Natalie Unterstell: Entrevista para o Número 8

Natalie Unterstell: Presidente do Instituo Talanoa e entrevistada do Boletim Acauã para o Editorial N°8

Ana Paula Tostes

Olá Natalie tudo bem? Você tem representado um engajamento apartidário e comprometido com o esclarecimento, com o diálogo com a sociedade e elaboração de proposições de políticas públicas no setor ambiental. Poderia nos falar sobre sua trajetória acadêmica e a relação com o tema das mudanças climáticas?

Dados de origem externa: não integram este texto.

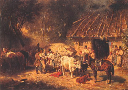 Фото. Юзеф Брандт (1841 - 1915), «Чумаки на привале перед корчмою». 1865 г.

Ana Paula Tostes: Editora do Boletim Acauã

Natalie Unterstell

Eu descobri ainda na graduação que eu gostava muito da área de políticas públicas e enveredei pelos atalhos e caminhos que achei nesse sentido, tanto na área acadêmica quanto prática. Meu primeiro trabalho foi em campo, na Amazônia, ajudando a desenvolver um programa de desenvolvimento regional no Alto Rio Negro, no Amazonas. Um programa que buscava avançar desde alternativas econômicas até a área de educação. E foi naquele contexto, trabalhando para o Instituto Socioambiental na Amazônia, que eu me dei conta que tudo o que fosse feito em termos de desenvolvimento social e econômico seria, mais ou menos dia, impactado pela mudança do clima. Tive a sorte e a oportunidade de trabalhar com pessoas que eram boas conhecedoras do desafio climático e influentes no pensamento de suas soluções, como o Márcio Santilli e a Adriana Ramos. Acabei, portanto, entrando no tema das mudanças climáticas desde a perspectiva do que precisava ser feito para resolver a crise climática pela ótica de quem pode ser mais direta e fortemente afetado por ela. Foi muito interessante.

Ana Paula Tostes

Poderia falar agora sobre o Instituto Talanoa? Como surgiu o Instituto, quais são suas propostas, e parcerias?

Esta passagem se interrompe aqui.